После 2-ой Камчатской экспедиции двадцать четыре года прошло в организационных и научных трудах в самых различных областях знания, и Академия снова вернулась к идее экспедиций, на этот раз задавшись грандиозной целью — академическими силами предпринять всестороннее изучение всех областей России. О грандиозности этой экспедиции и интенсивности ее работ можно судить по тому, что, кроме академиков Палласа, Гюльденштедта, Гмелина младшего, Фалька, Георги, Лепехина и целого ряда молодых ученых, в ней приняло участие около пятидесяти студентов и целый штат рисовальщиков и препараторов. Интенсивность работ участников была такова, что молодой Паллас после шестилетних трудов вернулся совершенно поседевшим, но зато еще в годы путешествий он одновременно исследовал и писал свои работы и ко времени своего возвращения он мог монументальные томы своих работ увидеть в печати. Этнографические достижения работников этой экспедиции оказались столь же изумительными и по количеству, и по качеству, как и великие достижения естественно-исторические. Великие натуралисты, как Паллас, с одинаковым тщанием и методичностью изучали человека, как и природу. Точность, детальность и ясность этнографических описаний до сих пор остаются образцовыми. Один Паллас описал почти все народности Сибири и, кроме того, выпустил двухтомный труд о монгольских народах, труд, о котором, спустя 60 лет, знаменитый Кювье отозвался, что "это, быть может, самое классическое из сочинений, когда-либо написанных по этнографии". И он же осуществил идею Лейбница, составив "Сравнительный словарь всех языков и наречий". Каковы были общие результаты этнографических работ всех членов экспедиций, достаточно указать на то, что на основании их один из участников, академик Георги, составил целую энциклопедию по этнографии России, одно название которой "Описание всех в Российском государстве обитающих народов, также их житейских обрядов, вер, обыкновений, жилищ, одежд и прочих достопамятностей 1776—1779 г.г. — само говорит за себя и показывает всю широту программы собранных сведений, которые, в отличие от работ по естественной истории, в настоящее время достаточно устаревших, навсегда сохраняют свою ценность, как документы не только об ушедшем быте множества народностей, но и о некоторых уже навсегда исчезнувших народностях. Насколько ценна работа Георги еще и теперь, можно судить по тому, что в нынешнем году в Германии вышло новое издание ее.
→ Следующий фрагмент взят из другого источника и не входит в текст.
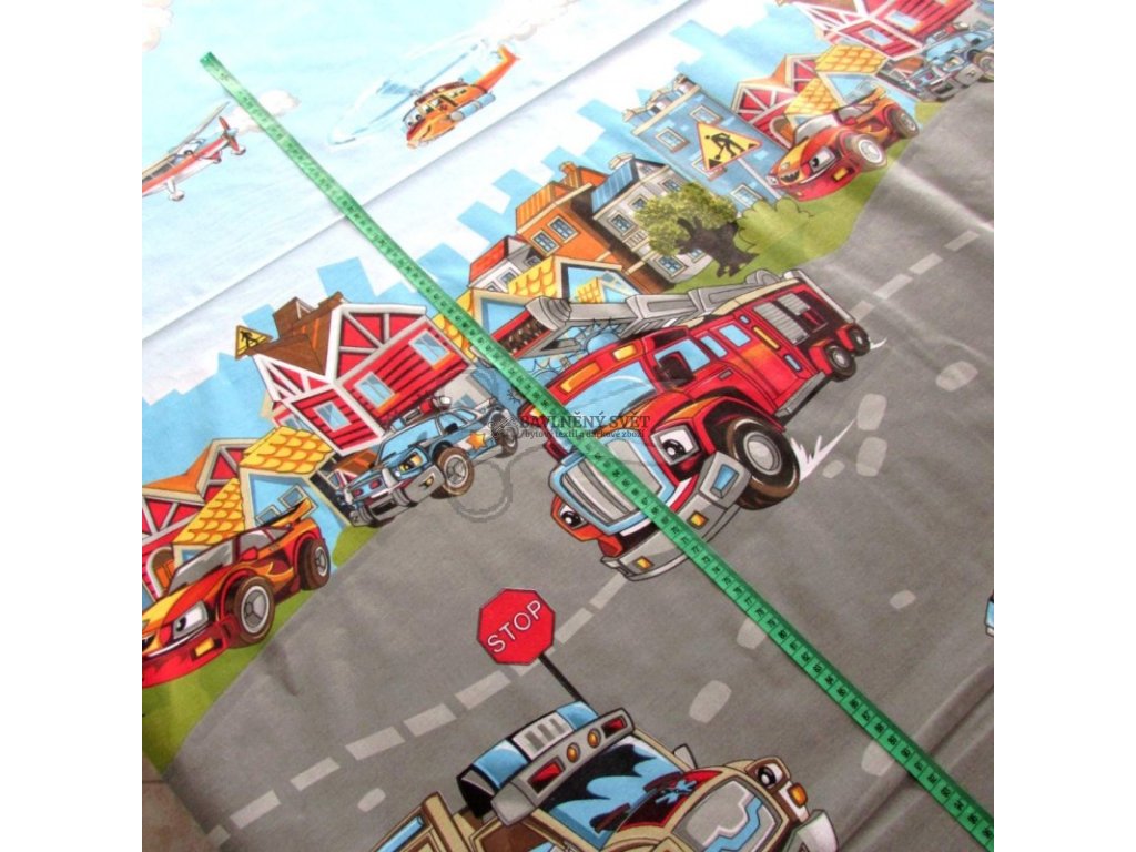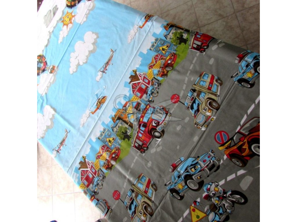 Tato látka je mezi našimi zákaznicemi naprostým hitem a pro její velký úspěch ji naskladňujeme opakovaně. Jedná se o vzor typu bordura, což znamená, že celá scéna je orientována na šířku látky (od jednoho pevného kraje k druhému). Spodní část plátna zdobí silnice s autíčky, zatímco horní část přechází v nebe s vrtulníky a létajícími balony. Plátno je pevné, hustě tkané a velmi jemné na dotek, takže je ideální pro každodenní používání.

Такие грандиозные экспедиции, как вышеописанные, в таком масштабе больше уже не повторялись. В них уже надобности не было: главные вехи были поставлены, методы указаны. Теперь требовалась работа в общественном масштабе. Вкус и интерес к этнографическим изысканиям и сборам вещественного материала был пробужден, и лица самых различных положений — мореплаватели, миссионеры, администраторы, инженеры и т. п. — усердно собирали этнографические материалы. Достаточно вспомнить имена Биллингса, Крузенштерна, Литке, Лисянского, О. Вениаминова, горного инженера Спасского и т. д., чтобы представить себе характер начавшейся общественной работы. Но время от времени, когда назревала задача, требовавшая особого внимания, выступала Академия своими собственными силами или проявляла свою авторитетность.
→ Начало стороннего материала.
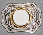 weisse Gürtelschnalle mit weissen Ornamentengeschwungener Randin der Mitte ein rundes, goldfarbenes Medaillonhier kann z.B. eine grosse Münze oder ein Stein eingebracht werden9 cm x 6 cmfür Gürtelbreite 4 cmNeu
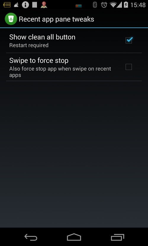 - "Clean all recent apps" button on Recent apps screen (AOSP ROM only)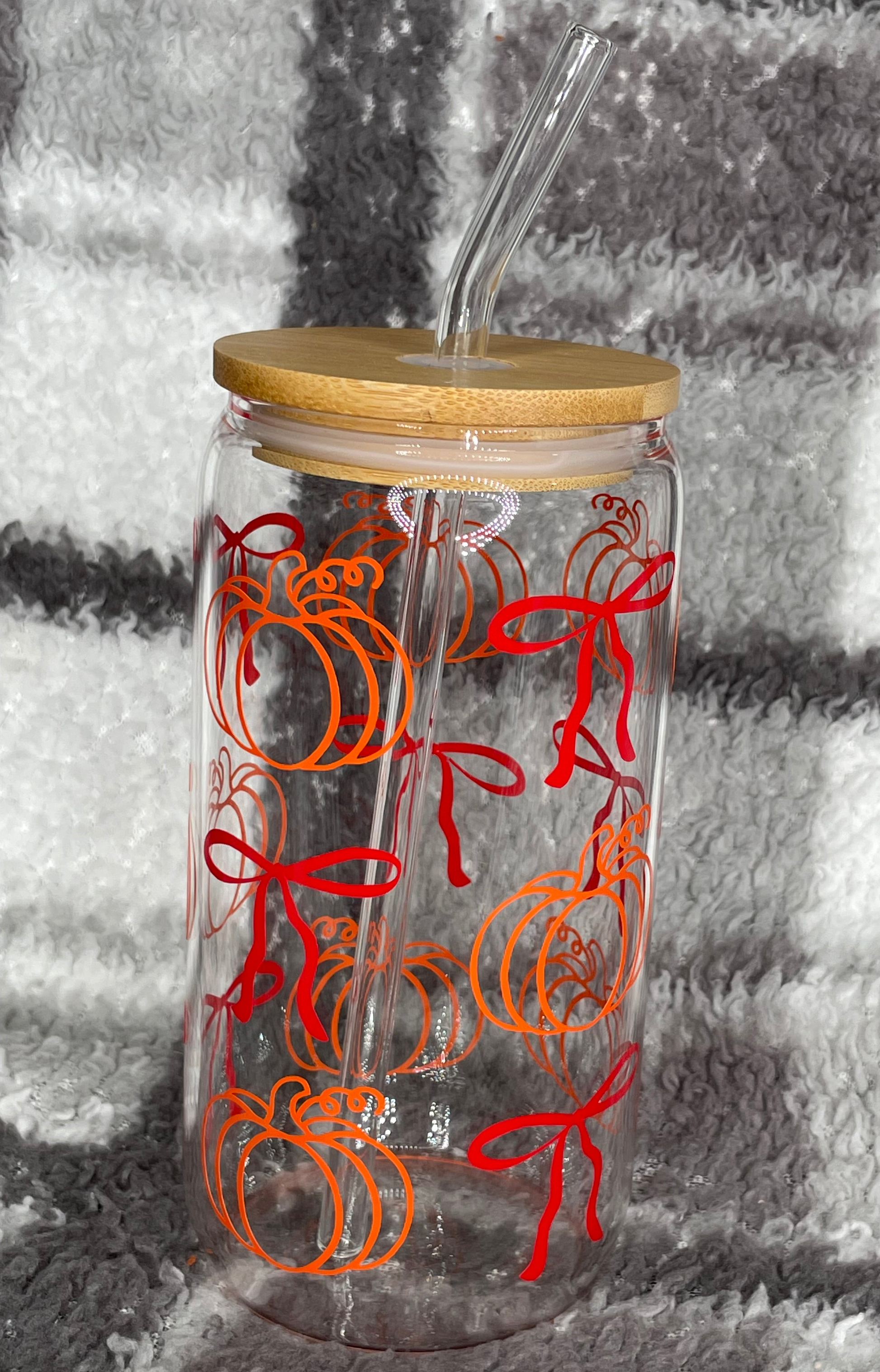 Our beautiful pumpkin print cup is the perfect 480ml reusable glass can to enjoy your iced matcha, coffee or iced tea and makes the perfect gift no matter the occasion or a great treat for yourself. Each cup comes with a lid and glass straw.

И каждое такое выступление оставляло яркий след и обогощало науку обширным материалом.
Для первой половины прошлого столетия достаточно вспомнить экспедицию впоследствии трагически погибшего академика Лангсдорфа в Бразилии, зоолога Вознесенского, обогатившего Академию ценнейшими этнографическими собраниями из С. Америки, экспедицию Миддендорфа, этнографические работы которого столь же блестящи, как и его зоогеографические; далее, экспедицию для изучения вновь присоединенного Амурского Края, давшую, помимо целого ряда работ естественно-исторического характера, такую монументальную монографию о народах Амурского Края, как "Reisen und Forschungen im Amurlande" академика Шренка; наконец, столь плодотворную по своим этнографическим и лингвистическим результатам семилетнюю экспедицию Кастрена.
С выступлением на сцену Географического Общества дело экспедиций в значительной степени отошло к этому учреждению, но и тут дело не обошлось без Академии, ибо главными вдохновителями Географического Общества были академики: Бэр, Струве и Гельмерсен, и не случайность, что во главе Этнографического Отделения Общества вплоть до настоящего времени стоят деятели Академии. Особенно плодотворно с точки зрения интересов этнографии оказалось влияние Бэра, взгляды которого на значение и задачи этнографии далеко опередили его время. В своей статье о задачах этнографии, сохранившей свою свежесть до настоящего времени, рукою знаменитого биолога начертана программа, словно продиктованная современным энтузиастом новой этнологии. Дух великих энциклопедистов старой Академии, Миллера и Палласа, веет над этой классической статьей 1).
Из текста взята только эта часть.